We will train a Llama2 model from MetaAI, depending if it is the `chat` or `vanilla` version, you will need to format your instructions differently. My to go place to find these format is the hugginface model card (but many times it is missing), the official paper (can be hard to find) or the [Axolotl training library](https://github.com/OpenAccess-AI-Collective/axolotl/blob/main/src/axolotl/prompt_strategies/llama2_chat.py)

In [28]:
mistral_prompt = """[INST]You are AI that converts human request into api calls. 
You have a set of functions:
-news(topic="[topic]") asks for latest headlines about a topic.
-math(question="[question]") asks a math question in python format.
-notes(action="add|list", note="[note]") lets a user take simple notes.
-openai(prompt="[prompt]") asks openai a question.
-runapp(program="[program]") runs a program locally.
-story(description=[description]) lets a user ask for a story.
-timecheck(location="[location]") ask for the time at a location. If no location is given it's assumed to be the current location.
-timer(duration="[duration]") sets a timer for duration written out as a string.
-weather(location="[location]") ask for the weather at a location. If there's no location string the location is assumed to be where the user is.
-other() should be used when none of the other commands apply

Here is a user request, reply with the corresponding function call, be brief.
USER_QUERY: {user}[/INST]{answer}"""

In [29]:
def _create_mistral_instruct_prompt(user, answer=""):
    return mistral_prompt.format(user=user, answer=answer)

def create_prompt(row): return _create_mistral_instruct_prompt(**row)

In [30]:
print(create_prompt(ds["train"][0]))

[INST]You are AI that converts human request into api calls. 
You have a set of functions:
-news(topic="[topic]") asks for latest headlines about a topic.
-math(question="[question]") asks a math question in python format.
-notes(action="add|list", note="[note]") lets a user take simple notes.
-openai(prompt="[prompt]") asks openai a question.
-runapp(program="[program]") runs a program locally.
-story(description=[description]) lets a user ask for a story.
-timecheck(location="[location]") ask for the time at a location.

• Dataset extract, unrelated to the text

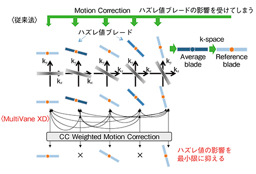 PROPELLER法は,ブレード内のデータ収集と,それを繰り返し時間ごとに回転してk-spaceを埋める方法である。従来法はすべてのブレードを足し合わせた平均値をリファレンスデータとして,動きの影響があるブレードを省き体動補正を行っていたが,本手法ではリファレンスデータ自体に動きの影響を受けたデータが含まれるため,体動補正の精度が落ちてしまう。MV XDでは,リファレンスデータを作成せずすべてのブレード同士でパラレルに比較していき,基準以上の動きが出たデータを省くため,より高い精度での体動補正が可能となった。これにより,スライス面内の補正のみならず,スライス方向に対しても体動の影響が大きいブレードは再構成から省くため,アーチファクトを最小限にすることが可能となった(図1)。また,parallel imaging法の併用が可能となったことでルーチン検査時間からの延長を大幅に低減することができ,fast field echo(以下,FFE)法への適用も可能となったことで,腹部でのシーケンス適用も行えることとなった。

If no location is given it's assumed to be the current location.
-timer(duration="[duration]") sets a timer for duration written out as a string.
-weather(location="[location]") ask for the weather at a location. If there's no location string the location is assumed to be where the user is.
-other() should be used when none of the other commands apply

Here is a user request, reply with the corresponding function call, be brief.
USER_QUERY: I'll get this flowy.[/INST]

In [31]:
from types import SimpleNamespace

MODEL_NAME = "mistralai/Mistral-7B-Instruct-v0.1"

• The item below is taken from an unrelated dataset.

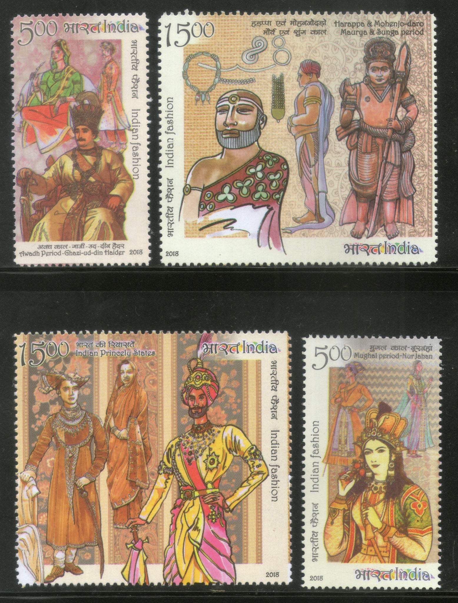 India 2018 Indian Fashion through the Ages Princely States Costumes 4v MNH

# Define and parse arguments.
script_args=SimpleNamespace(
    model_name=MODEL_NAME,               # "the model name"
    dataset_artifact=DATASET_ARTIFACT,   # "the W&B artifact holding the dataset
    log_with="wandb",                    # "use 'wandb' to log with wandb"
    learning_rate=1.4e-5,                # "the learning rate"
    batch_size=2,                        # "the batch size", 24GB -> 2, 40GB -> 4
    seq_length=400,                      # "Input sequence length"
    gradient_accumulation_steps=16,      # "simulate larger batch sizes"
    load_in_x_bits=4,                    # "load the model in 4/8 precision
    use_peft=True,                       # "Wether to use PEFT or not to train adapters"
    output_dir="output",                 # "the output directory"
    peft_lora_r=64,                      # "the rank of the matrix parameter of the LoRA adapters"
    peft_lora_alpha=16,                  # "the alpha parameter of the LoRA adapters"
    logging_steps=1,                     # "How often to log"
    use_auth_token=True,                 # "Use HF auth token to access the model"
    max_steps=500,                       # "the number of training steps"
)

## Model

We can load the model with all the bells and whistles from Transformers!

In [32]:
# Step 1: Load the model
if script_args.load_in_x_bits in [4,8]:
    quantization_config = BitsAndBytesConfig(
        load_in_8bit=script_args.load_in_x_bits==8, 
        load_in_4bit=script_args.load_in_x_bits==4
    )
else:
    quantization_config = None

model = AutoModelForCausalLM.from_pretrained(
    script_args.model_name,
    quantization_config=quantization_config,
    device_map="auto",
    torch_dtype=torch.bfloat16,
    use_auth_token=script_args.use_auth_token,
)

Loading checkpoint shards:   0%|          | 0/2 [00:00<?, ?it/s]

In [33]:
# Step 3: Define the training arguments
training_args = TrainingArguments(
    output_dir=script_args.output_dir,
    per_device_train_batch_size=script_args.batch_size,
    per_device_eval_batch_size=script_args.batch_size,
    gradient_accumulation_steps=script_args.gradient_accumulation_steps,
    learning_rate=script_args.learning_rate,
    logging_steps=script_args.logging_steps,
    # num_train_epochs=script_args.num_train_epochs,
    max_steps=script_args.max_steps,
    report_to=script_args.log_with,
)


# Step 4: Define the LoraConfig
if script_args.use_peft:
    peft_config = LoraConfig(
        r=script_args.peft_lora_r,
        lora_alpha=script_args.peft_lora_alpha,
        bias="none",
        task_type="CAUSAL_LM",
        target_modules=["q_proj", "v_proj"],
    )
else:
    peft_config = None

Now we need to instantiate the `SFTTrainer` with the correct preprocessing:
- We want to pack sequences to a certain length (longer means more memory usage)
- We want to tokenize
- We also want to apply our prompt

In [34]:
script_args.seq_length

400

In [35]:
training_args.eval_steps = training_args.max_steps // 5
training_args.evaluation_strategy = "steps"

In [36]:
wandb.init(project="otto", job_type="finetune")
    
ds = load_ds_from_artifact(DATASET_ARTIFACT)
    
# Step 5: Define the Trainer
trainer = SFTTrainer(
    model=model,
    train_dataset=ds["train"],
    eval_dataset=ds["test"],
    args=training_args,
    max_seq_length=script_args.seq_length,
    packing=True,
    formatting_func=create_prompt,
    peft_config=peft_config,
)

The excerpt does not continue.